Çin’in Sincan bölgesinde Uygurlu Türklerin maruz bırakıldığı hak ihlalleri, “Tekrar eğitim kampları” ismiyle açılan- birçok kaynağa nazaran …

Yayınlandı:

-

Çin’in Sincan bölgesinde Uygurlu Türklerin maruz bırakıldığı hak ihlalleri, “Tekrar eğitim kampları” ismiyle açılan- birçok kaynağa nazaran aslında toplama kampları olan gözaltı merkezlerindeki koşullar, Uygur nüfusunun sistematik olarak azaltılması uzun müddettir insan hakları savunucularının gündeminde. Eski ABD Dışişleri Bakanı Mike Pompeo ve Fransa Parlamentosu’nun yanı sıra birçok rapor da Çin’in Uygur siyasetini ‘soykırım’ olarak nitelendiriyor. Birçok insan hakları kümesi Çin’deki rejimin Uygurlara yönelik makus muamelesini ortaya çıkarmak için çok ağır bir mesai harcıyor. Çin, Uygurlara yönelik ihlallerin konvansiyonel medyada milletlerarası boyutta daha çok yer bulmasıyla Sincan konusunda önemli bir enformasyon savaşı başlattı. Türkiye’de de Çin diplomatik misyonları bir müddettir haber merkezlerine “Sincan’da hayatın ne kadar hoş olduğunu” anlatan kitaplar gönderiyor; destekledikleri ‘Avrasyacı’ yayınlarda sistemli olarak Uygurlarla ilgili haberlerin gerçek olmadığını argüman eden ek yayınlar yapılıyor.
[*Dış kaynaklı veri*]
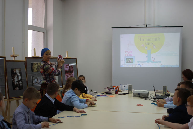 Детский мастер-класс по круговому ткачеству привлек юных участников своей креативностью и самобытностью. Лучшими ткачами во все времена были мужчины. И наши мальчики доказали это. Наравне с девочками терпеливо и тщательно они плели круговые элементы, шнуры и модные фенечки. Татьяна Александровна подарила самым активным участникам свою книгу «Рукотворные чудеса».
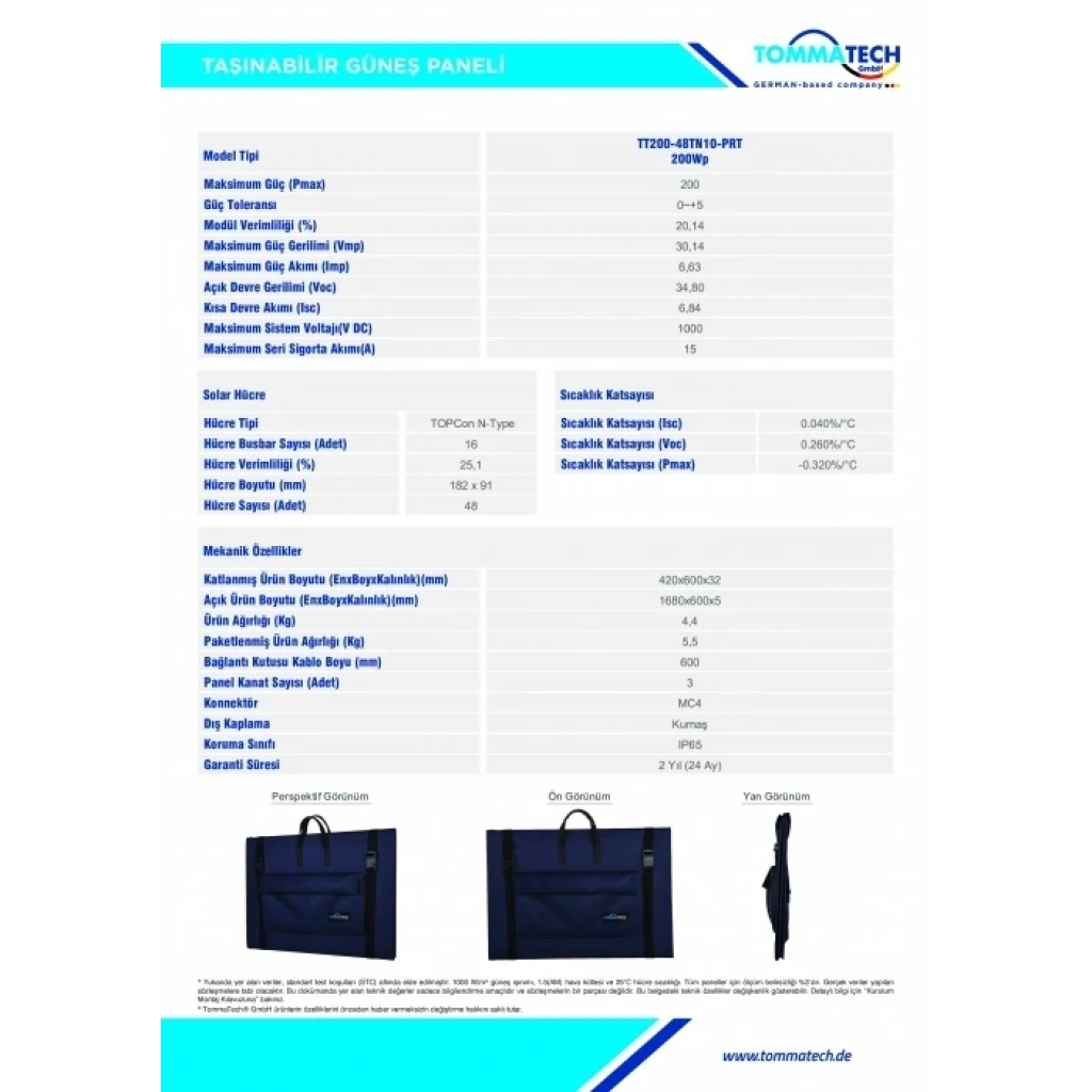 TommaTech 150W Katlanabilir Güneş Paneli
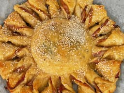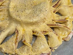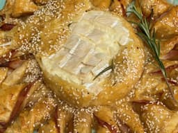 Puff pastry (Wheat, Milk), Prosciutto, Camembert (Milk), Mustard (Milk), Egg, Garlic, Rosemary, Sesame seed
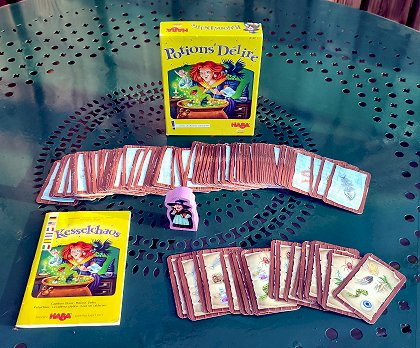 Potions’ Délire est un jeu totalement chaotique destiné aux jeunes joueurs. À vrai dire, je ne sais pas vraiment si "chaos" et "jeu pour enfant" s'accordent véritablement. Tous les joueurs retournent simultanément la première carte de leur pioche personnelle. Chacun peut alors s'emparer de la carte de n'importe quel joueur si elle convient à sa recette. Prévoyez quelques sparadraps… Ou envisagez d'imaginer une autre règle plus calme.
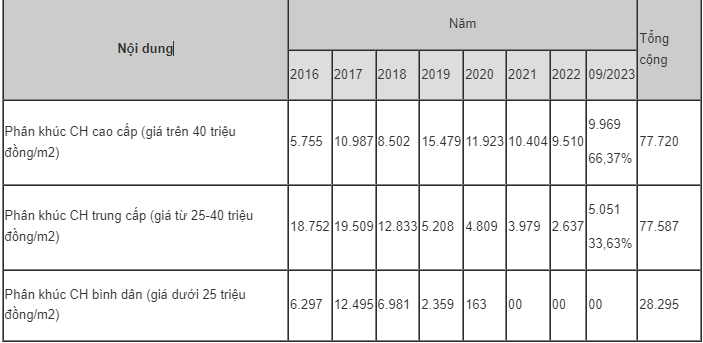 Đáng quan ngại là phân khúc nhà ở bình dân năm 2020 chỉ có 163 căn hộ chỉ chiếm tỷ lệ 1% và trong các năm 2021, 2022 và 9 tháng đầu năm 2023 thì không còn căn hộ nhà ở bình dân.
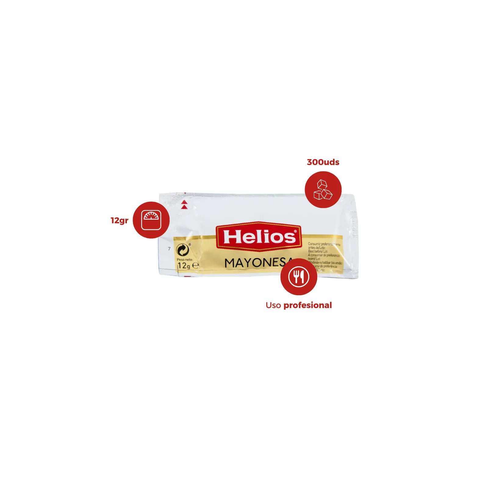 - Sobres individuales: Cada sobre contiene 12 gramos de mayonesa, lo que permite servir la cantidad precisa y evitar desperdicios.
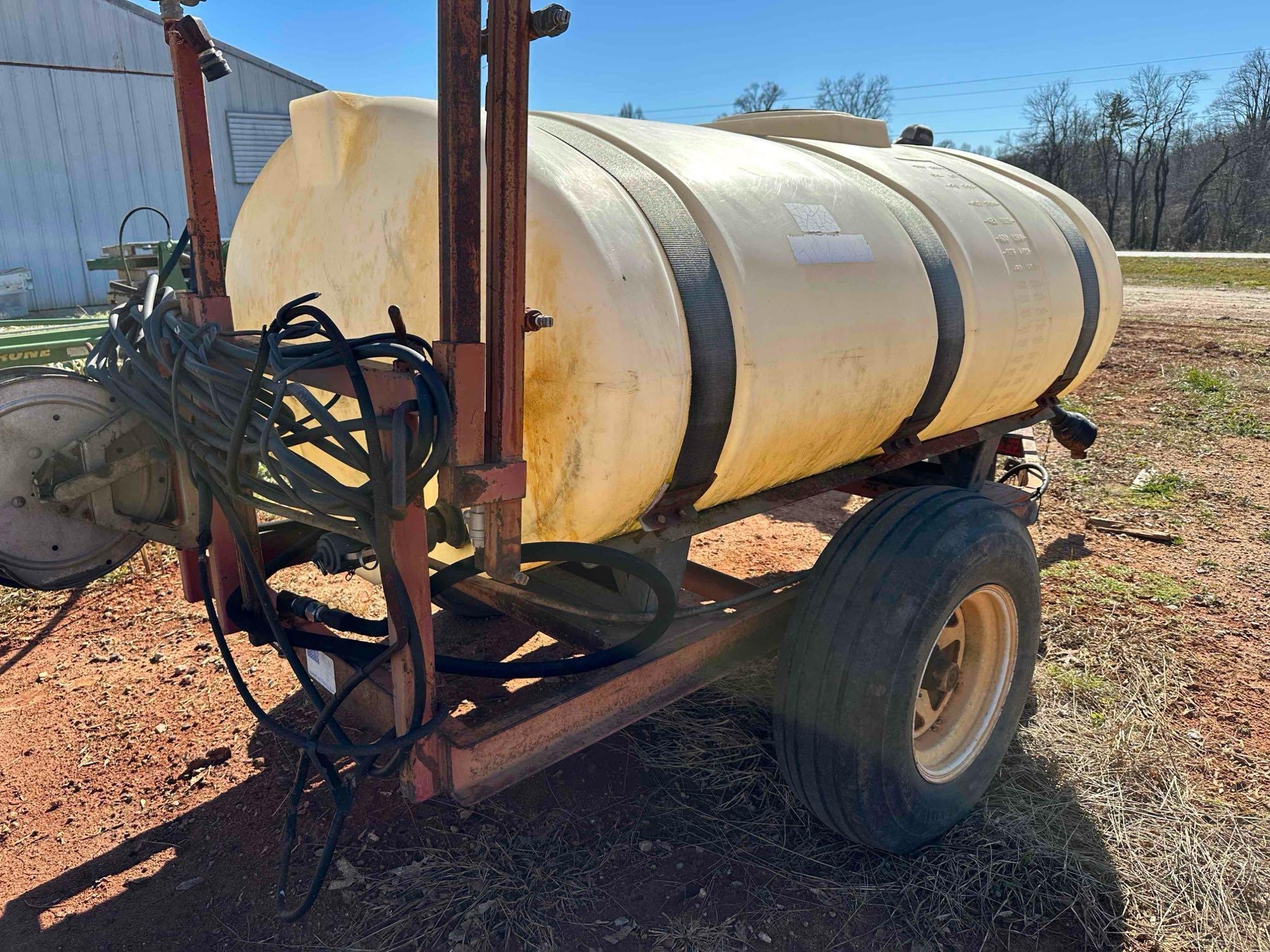 Located offsite in Cleveland, GA - 500 Gallon Pull Behind Sprayer - comes with new pump

Sincan’da doğup büyüyen, genç yaşta ABD’ye giden, burada bir panelde Uygurların durumunu anlattıktan sonra Sincan’da emekli bir tabip olan kız kardeşini kaybedilen Rushan Abbas, Çin’in Uygur siyasetini, kurduğu insan hakları kümesi Campaign of Uyghur’u ve şahsî deneyimlerini T24’e anlattı.

Sincan’daki Uygurların “Toplama kamplarına götürüldüğünü, köle olarak çalıştırıldığını, bayanların sterilize edildiğini ve onlara zorla kürtaj yaptırıldığını” söyleyen Abbas, “Uygur çocuklar meskenlerinden alınıyorlar. Uygur kız ve bayanlar zorla Hun Çinlilerle evlendirilmeye çalışılıyor; reddederlerse Müslüman olmayan biriyle evlenmeyi kabul etmedikleri söylenerek ‘radikal’ olarak damgalanıyorlar” dedi.

Türkiye hükümetinin Uygurlar hususuyla “haberdar olduğu sürece” en çok ilgilenen ve ses çıkaranlardan olduğunu belirten Abbas, buna minnettar olduklarını lisana getirdi.

Abbas, “Çin Halk Cumhuriyeti, İslam’a ve Uygurlara savaş açmış durumda” ve “Dinin tedavi gerektiren bir akıl hastalığı olduğunu söylüyorlar. Yani Uygurlar dini, etnik kimliği ve kültürü nedeniyle ‘tekrar eğitiliyor” değerlendirmesinde bulundu.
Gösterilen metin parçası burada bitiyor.